Cette disposition est rare, et contestée : la Cour suprême du Canada s'est penchée sur sa portée dans l'arrêt R. c. Borowiec en 2016, précisant qu'un « esprit déséquilibré » n'exige pas un trouble mental grave au sens de l'article 16, mais un état s'écartant de la normale — un seuil relativement souple. Elle ne s'applique cependant qu'au nouveau-né, soit un enfant de moins d'un an. Dans un dossier comme celui de Clancy, où les victimes étaient âgées de cinq ans, trois ans et huit mois, seule la plus jeune aurait pu, en théorie, relever de cette qualification.
Au Québec, plusieurs dossiers ont mis en lumière ce continuum entre détresse psychiatrique périnatale et responsabilité criminelle. Des mères ont été déclarées non criminellement responsables au terme d'expertises concordantes, souvent au moyen d'admissions conjointes de la poursuite et de la défense, évitant un procès devant jury. Cette pratique — un accord des parties sur la preuve psychiatrique, soumis à l'approbation du juge — explique en partie pourquoi de tels dossiers aboutissent rarement à une impasse du jury ici.
Le pouvoir discrétionnaire du poursuivant, ici aussi
La question du filtrage en amont est d'ailleurs centrale. Au Québec, le Directeur des poursuites criminelles et pénales évalue non seulement la suffisance de la preuve, mais l'opportunité de poursuivre. On en a eu une illustration récente dans un tout autre contexte : Radio-Canada, TVA Nouvelles et Ma Beauce ont rapporté début septembre que le DPCP renonçait à porter des accusations contre un patient de l'hôpital de Saint-Georges ayant causé la mort de sa colocataire de chambre octogénaire à coups de marchette. Le motif : l'homme se trouvait en état de delirium, un état confusionnel aigu excluant l'intention criminelle. Le coroner Jean-Marc Picard en a fait état dans son rapport.

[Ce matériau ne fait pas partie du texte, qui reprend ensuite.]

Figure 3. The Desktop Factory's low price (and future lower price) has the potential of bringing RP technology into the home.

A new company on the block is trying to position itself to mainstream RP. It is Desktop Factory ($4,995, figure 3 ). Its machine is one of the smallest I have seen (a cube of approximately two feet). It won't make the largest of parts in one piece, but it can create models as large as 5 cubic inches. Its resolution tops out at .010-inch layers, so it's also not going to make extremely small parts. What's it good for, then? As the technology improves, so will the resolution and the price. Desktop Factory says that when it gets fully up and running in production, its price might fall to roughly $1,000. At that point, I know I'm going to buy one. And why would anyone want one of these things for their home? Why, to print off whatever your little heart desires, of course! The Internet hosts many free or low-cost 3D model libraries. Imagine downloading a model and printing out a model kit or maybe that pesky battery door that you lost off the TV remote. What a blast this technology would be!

Le rapprochement avec l'affaire Clancy n'est pas anodin. Dans un système, l'évaluation de la capacité mentale se fait en amont, par le poursuivant, avant même le dépôt d'accusations. Dans l'autre, elle est confiée à douze citoyens au terme d'un procès de plusieurs semaines, avec le risque bien réel qu'ils n'y parviennent pas.
Ce que la suite dira
Le deuxième procès de Lindsay Clancy, s'il a lieu, se déroulera dans un climat radicalement transformé. L'affaire a nourri aux États-Unis un débat public inhabituellement nourri sur le dépistage de la dépression et de la psychose post-partum, sur la prescription combinée de psychotropes chez les nouvelles mères, et sur l'insuffisance des ressources en santé mentale périnatale. Des groupes de soutien aux mères, mais aussi des professionnels de la santé, ont réclamé des protocoles plus stricts.

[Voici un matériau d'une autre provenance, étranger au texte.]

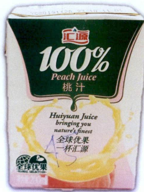
Figure 1. Unregistered GLOBAL SELECTION 100% Peach Juice Huiyuan Juice (In Foreign Language)

The Food and Drug Administration (FDA) warns all healthcare professionals and the general public NOT TO PURCHASE AND CONSUME the following unregistered food products: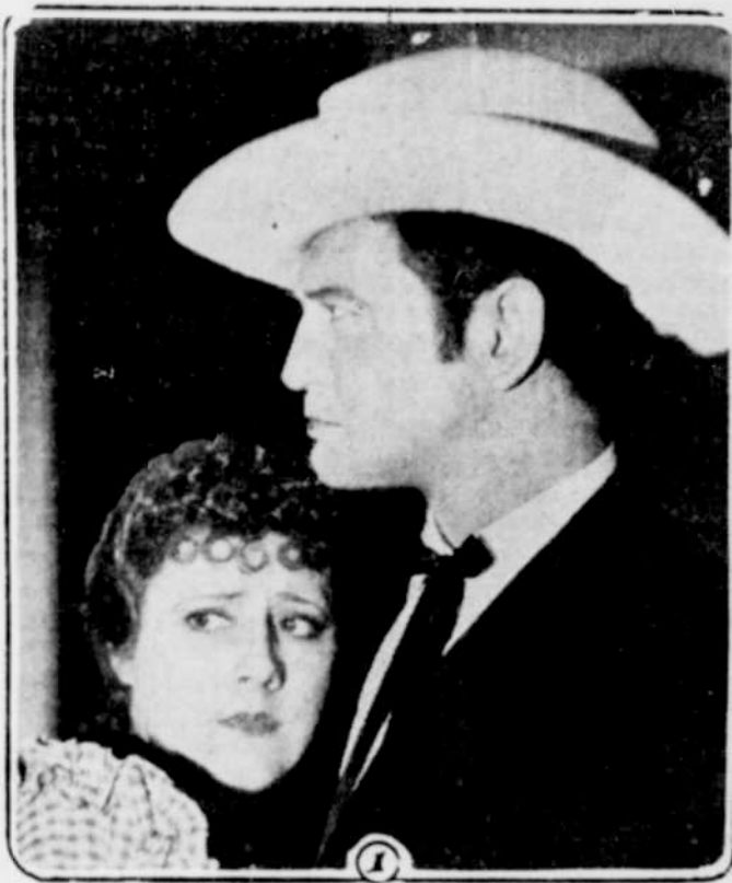
IRENE DUNNE and RICHARD DIX play leading role

Pour les juristes canadiens, l'épisode agit comme un miroir. Il rappelle que l'unanimité, gage de rigueur, a un prix : l'impasse est une issue prévue par le système, pas un accident. Et il rappelle que le droit criminel canadien, avec son article 16, sa Commission d'examen et son article 233 controversé, dispose d'un vocabulaire pour les cas où la maladie mentale précède le geste — un vocabulaire dont l'usage dépend toutefois entièrement de la qualité des expertises et de la volonté des parties de s'en servir.